Language plays a crucial role in the formation and maintenance of stereotypes about social categories. When communicating about other people and their behaviors, language reflects the categories we have created, and what we stereotypically expect of these groups. In turn, through our linguistic expressions we share our stereotypic views with message recipients.
In the present project, we aim to gain a better understanding of how and when stereotypes are expressed in everyday language use. Thereby we build on our framework (Beukeboom & Burgers, 2019) in which we integrated earlier research on stereotyping and language use. We distinguish two categories of relevant linguistic biases: (1) biases in linguistic labeling, and (2) biases in describing the behaviors and characteristics of categorized individuals.
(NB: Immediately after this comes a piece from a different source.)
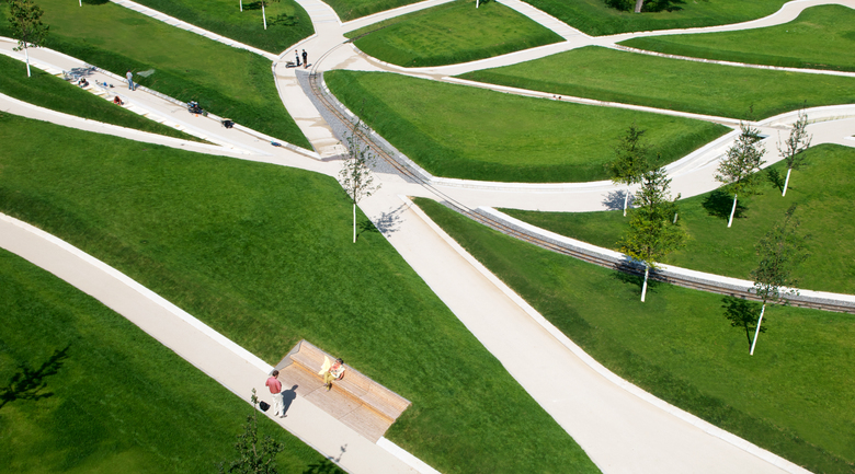 Aber es entsteht auch eine Landschaft, die von der gekonnten Illusion lebt. Die Verfremdung der gewohnten Umgebung durch die Anhebung der Topographie und dazwischen eingeschnittene Wege, erzeugt ein überraschendes Spiel mit der Wahrnehmung von Raum und dem menschlichen Maßstab. Einerseits die Bezugnahme auf die soziale und naturräumliche Vergangenheit des Orts in Form von Neuinterpretation des Themas Steinbruch, Wellen, Wildnis und drüber hinaus mit Hilfe der Überformung der gewohnten Sichtweisen das Auslösen neuer Sinneseindrücke, darin liegt die Innovation der zukunftsorientierten Gestaltung.

First, we develop an annotation guideline in which we bring together the different linguistic means though which people reveal their stereotypic expectancies in labels and behavior descriptions.
Second, we will use this guideline to annotate the language produced by participants in our experiments. In these experiments we test various factors that can influence whether or not people start stereotyping when spontaneously describing the behavior of others (i.e., generalize across individuals and situations). We also test the effects of variations in language use on stereotype formation in message recipients.
Finally, we will develop computational methods to automatically detect stereotypes in texts to uncover implicit biases in a variety of real-life contexts.
Taken together, this project creates a more encompassing understanding of the role of language in perpetuating stereotypes and discrimination in society, and facilitates future scientific and applied research by creating the ability for stereotype detection in a variety of contexts.